Exercise aim
In the material below, print every line exactly and omit the pictures.

Provided material
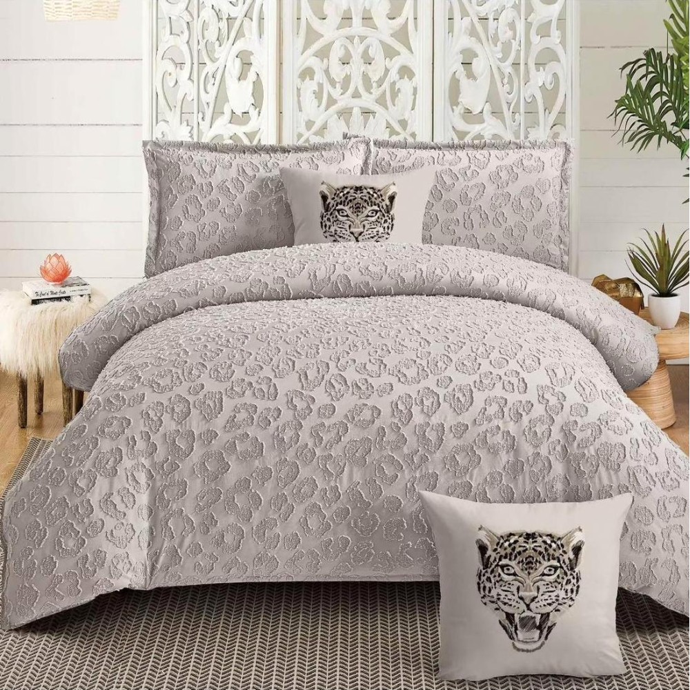 Lenjerie pat dublu, Finet Satinat Deluxe cu Smocuri Brodate, IDENTICA CU POZA, cu elastic, 4 anotimpuri, 6 piese, animal print, grej, Primavara Casa, cod produs: PRC304
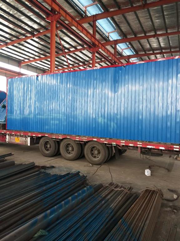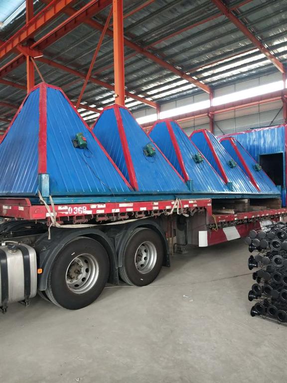,型號(hào)90-5,目前此除塵器設(shè)備已經(jīng)制作完成了,因?yàn)槌龎m器的腿子安裝起來(lái)已經(jīng)_高了,因此在發(fā)貨的時(shí)候沒(méi)有焊接好,到達(dá)客戶現(xiàn)場(chǎng)后,請(qǐng)李經(jīng)理在找?guī)孜籣的焊工進(jìn)行焊接一下,除塵器90-5,17米的大板車發(fā)了一車,因?yàn)榘遘嚿弦呀?jīng)裝滿沒(méi)有空閑的位置,因此配套55KW的風(fēng)機(jī)又單獨(dú)走的物流。預(yù)計(jì)風(fēng)機(jī)和除塵器的到貨時(shí)間可能會(huì)差一天,在這里提前向李經(jīng)理說(shuō)明一下,請(qǐng)李經(jīng)理準(zhǔn)備好一臺(tái)12噸的吊車,做好接貨 準(zhǔn)備。司機(jī)在到前會(huì)提前聯(lián)系您的。
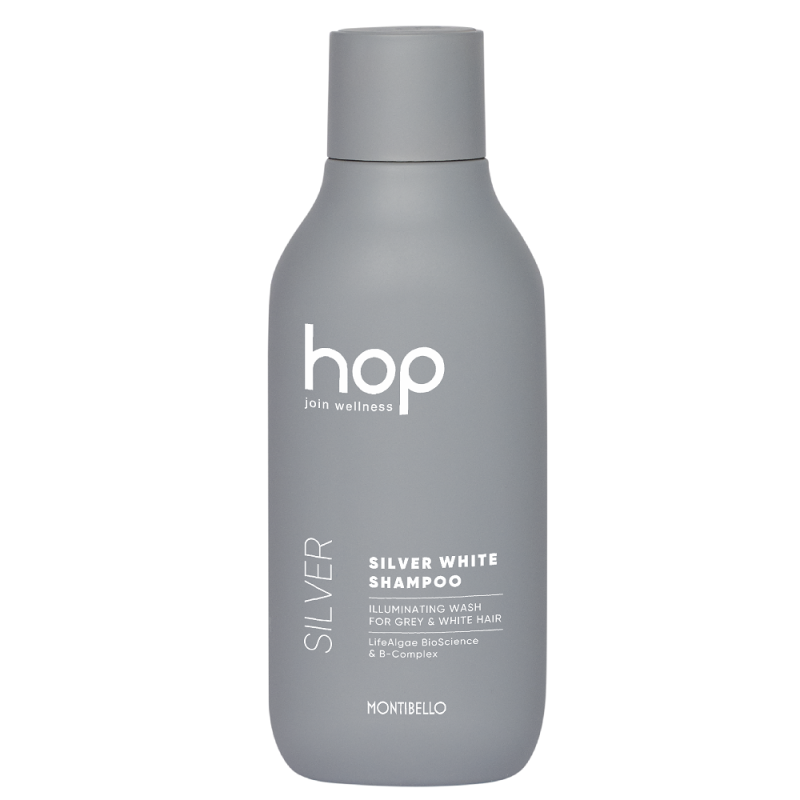 HOP Silver White Shampoo to rozjaśniający szampon do włosów siwych i platynowych. Wzmacnia od wewnątrz, naprawiając pojawiające się uszkodzenia. Eliminuje żółknięcie oraz zapewnia miękkość i podatność na układanie. Linia HOP została zaprojektowana do kompleksowej pielęgnacji włosów. Produkty tej linii zawierają wyciąg z alg morskich uzyskany w procesie hiperfermentacji, która czterokrotnie zwiększyła działanie aktywnych molekuł. Seria Silver została stowrzona z myślą o włosach siwych i platynowych. Bogata formuła z kompleksem witamin z grupy B wzmacnia włókno oraz chroni włosy przed negatywnymi czynnikami środowiskowymi. Eliminuje żółknięcie i wzmacnia naturalny blask.

Answer to the exercise
 Lenjerie pat dublu, Finet Satinat Deluxe cu Smocuri Brodate, IDENTICA CU POZA, cu elastic, 4 anotimpuri, 6 piese, animal print, grej, Primavara Casa, cod produs: PRC304
,型號(hào)90-5,目前此除塵器設(shè)備已經(jīng)制作完成了,因?yàn)槌龎m器的腿子安裝起來(lái)已經(jīng)_高了,因此在發(fā)貨的時(shí)候沒(méi)有焊接好,到達(dá)客戶現(xiàn)場(chǎng)后,請(qǐng)李經(jīng)理在找?guī)孜籣的焊工進(jìn)行焊接一下,除塵器90-5,17米的大板車發(fā)了一車,因?yàn)榘遘嚿弦呀?jīng)裝滿沒(méi)有空閑的位置,因此配套55KW的風(fēng)機(jī)又單獨(dú)走的物流。預(yù)計(jì)風(fēng)機(jī)和除塵器的到貨時(shí)間可能會(huì)差一天,在這里提前向李經(jīng)理說(shuō)明一下,請(qǐng)李經(jīng)理準(zhǔn)備好一臺(tái)12噸的吊車,做好接貨 準(zhǔn)備。司機(jī)在到前會(huì)提前聯(lián)系您的。
 HOP Silver White Shampoo to rozjaśniający szampon do włosów siwych i platynowych. Wzmacnia od wewnątrz, naprawiając pojawiające się uszkodzenia. Eliminuje żółknięcie oraz zapewnia miękkość i podatność na układanie. Linia HOP została zaprojektowana do kompleksowej pielęgnacji włosów. Produkty tej linii zawierają wyciąg z alg morskich uzyskany w procesie hiperfermentacji, która czterokrotnie zwiększyła działanie aktywnych molekuł. Seria Silver została stowrzona z myślą o włosach siwych i platynowych. Bogata formuła z kompleksem witamin z grupy B wzmacnia włókno oraz chroni włosy przed negatywnymi czynnikami środowiskowymi. Eliminuje żółknięcie i wzmacnia naturalny blask.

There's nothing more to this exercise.